US market rebounds but faces labour constraints

The US trucking sector, which endured what Ti describes as “the Great Freight Recession” from 2022 to 2024, is showing signs of recovery. The report highlights sector-specific challenges, including tighter driver licensing regulations and immigration policies that may restrict the labour supply. President Trump’s proposed economic stimulus and protectionist trade measures could further reshape supply chains, potentially driving up domestic freight rates due to reduced capacity.

Despite these challenges, Ti notes that early 2025 has seen an increase in inventory restocking, providing short-term demand for trucking services. However, the report warns that this effect may be offset by a subsequent slowdown as retailers adjust their stock levels.

Shipping industry benefits from Red Sea disruptions

In contrast to the difficulties faced by the road freight sector, the global shipping industry has enjoyed strong demand in recent years. The report attributes this to disruptions in the Red Sea and Suez Canal caused by Houthi attacks, which forced vessels to reroute via the Cape of Good Hope. This extended transit times and effectively reduced global fleet capacity, leading to elevated freight rates.

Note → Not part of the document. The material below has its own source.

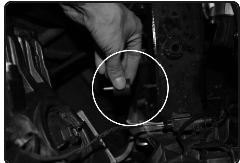
9. Now install the provided M6 vibramount to the thredded stud on vehicle frame. Secure and tighten.

However, Ti warns that normalisation of shipping routes following a ceasefire in Gaza could put downward pressure on rates. The impact of Trump’s newly imposed 10% tariffs on Chinese goods, along with other trade restrictions, is also expected to dampen trans-Pacific and trans-Atlantic shipping volumes.

Trump’s trade policy “shakes up” logistics

Trade policy shifts under Trump’s second term are poised to reshape global logistics. The imposition of tariffs on China, Mexico, Canada, and the EU is expected to slow import volumes to the US, with estimates suggesting a potential decline of up to 15%, prompting businesses to seek alternative sourcing strategies.

“Shipping and air cargo volumes from China (and in the future, the European Union) destined for the USA will be depressed as US importers seek alternative sources of goods, or re-shore production,” Ti adds.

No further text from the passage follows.